NASHVILLE, Tenn. (AP) The Nashville Predators are pretty confident considering their season came to its earliest end since missing the 2014 postseason when Barry Trotz was allowed to leave.
The Predators insist they liked how they played despite losing their best-of-five qualifying series to Arizona in four games. They have been on a downward spiral: losing the Stanley Cup Final in 2017, slipping to a second-round loss in 2018, a first-round loss in 2019 and now unable to reach the first round after the NHL’s pandemic restart.
Foward Filip Forsberg said they earned their first-round exit a year ago but played well enough to win against Arizona.
”We’ve got to find the way to win these close games …,” Forsberg said. ”Everybody came ready to play for this short season, whatever comeback, and we got to find a way to win. But we definitely did enough good things for it to fall our side.”
The Predators have some contract and roster decisions to make before the next season starts. Their early loss also gave them a 12.5% chance at the No. 1 overall pick in the NHL draft, a pick this franchise has never had. But New York won the pick Monday night, leaving Nashville with the 11th overall selection in the Oct. 9 draft.
”I love our core, love my teammates,” captain Roman Josi said. ”There’s a lot of belief in our room.”
At least Nashville won’t be dealing with another coaching change with John Hynes hired in January.
DAVID POILE IN CHARGE
The only general manager this franchise has ever known faces his biggest challenge after building this team from its expansion start to Western Conference champ in 2017. The NHL’s winningest GM has several players signed to long-term contracts.
The last was Josi, who’s under contract through June 2028. Goalie Pekka Rinne, who lost his net in March and never got it back, is under contract for another season at $5 million. Combined with what’s expected to be a very short offseason, Poile will be limited in the moves he can make.
GOALIE CHANGE
Juuse Saros appears to be the Predators’ goalie moving forward after starting every game against Arizona. He will be a restricted free agent after next season. Nashville also must decide if Rinne, who turns 38 in November, should continue as the backup another season.
BIG MONEY, BIGGER EXPECTATIONS
Poile gave Matt Duchene a seven-year deal worth $56 million last July, finally landing a center the Predators had been linked to for a couple years. But Duchene followed a disappointing season with an underwhelming performance in the qualifying series. He had one goal and an assist with a minus-4 rating. He also was caught offside erasing a go-ahead goal by Kyle Turris in the Game 3 loss.
Duchene has company. Turris, who also hit a post in Game 3, also was a minus-4 with no points. He’s under contract through 2023-24 at $6 million a year. Craig Smith and Mikael Granlund, who combined for one assist, will be free agents.
DEFENSIVE WOES
The Predators fixed at least one area. Shut out on the man advantage in their first-round playoff loss to Dallas a year ago, they ranked fourth through the qualifying and round-robin rounds scoring an average of 28.6% on the power play.
But they gave up 3.5 goals a game to Arizona after being 20th during the regular season allowing 3.1 goals a game.
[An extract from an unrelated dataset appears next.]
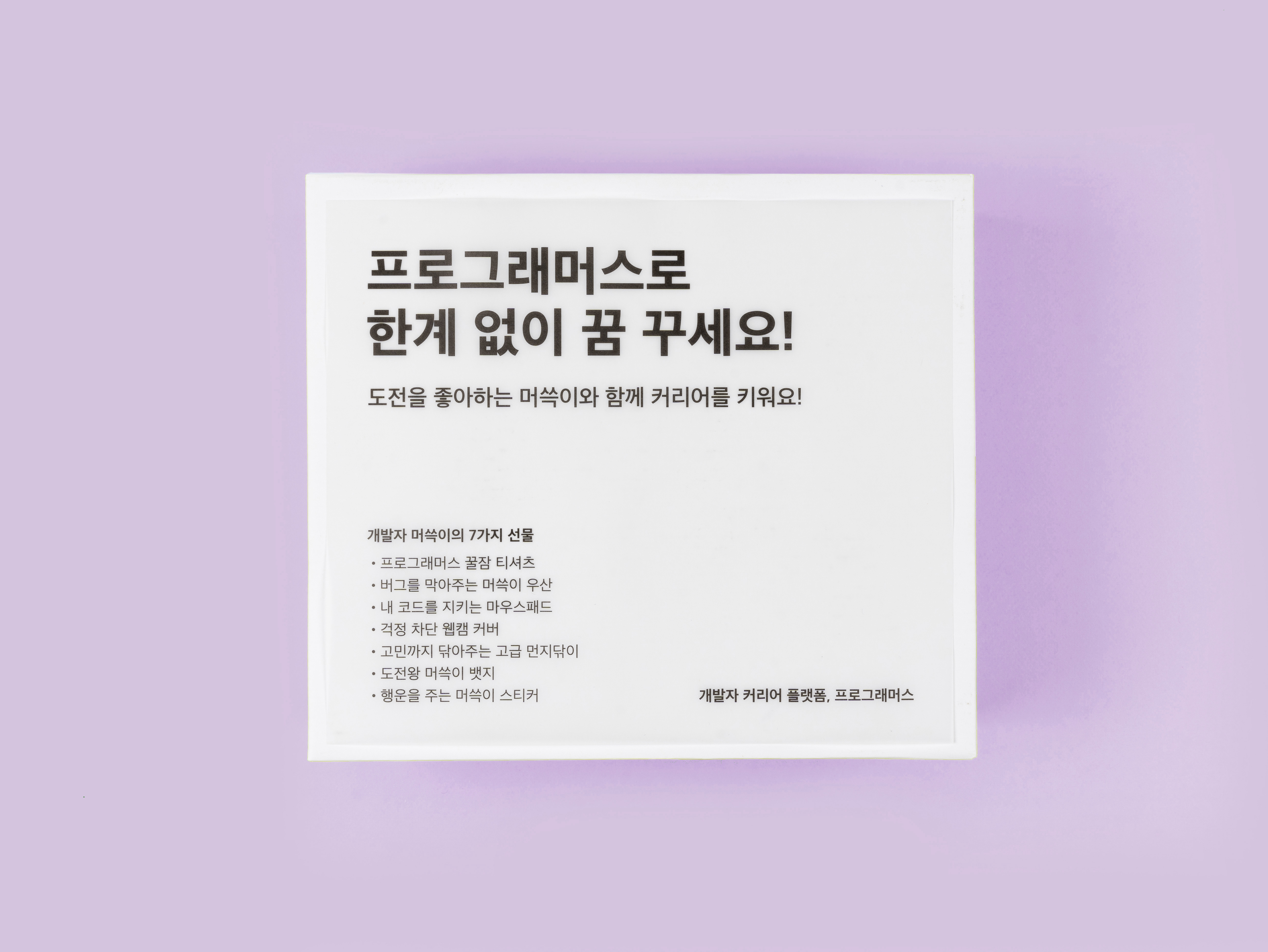 개발자 머쓱이가 주섬주섬 준비한 7가지 선물들 새로워진 프로그래머스 키트의 별명은 머쓱이의 샤이닝 선물박스입니다. 반짝반짝 빛나는 커리어를 응원하는 선물이기 때문이죠. 샤이닝 선물박스에는 개발을 할 때도, 개발하다 쉴 때도 자주 사용할 수 있는 활용도 높은 7가지 굿즈들이 담겨있습니다.

That’s a high number for a franchise originally built on defense from the net out.
COACHING COMFORT
The Predators all agreed they are much closer to playing how Hynes wants. He took over Jan. 7 after Poile fired Peter Laviolette, and the NHL’s restart gave Hynes the training camp he missed as a midseason replacement. He reunited the JOFA line, and Filip Forsberg, Ryan Johansen and Viktor Arvidsson came through with 13 points in the series loss to Arizona.
Defenseman Ryan Ellis believes the Predators are mentally tougher under Hynes than they used to be.
”We were our own worst enemy at times,” Ellis said. ”If it was the old team, and a lot of the situations we were put in, we wouldn’t have played as hard as we do.”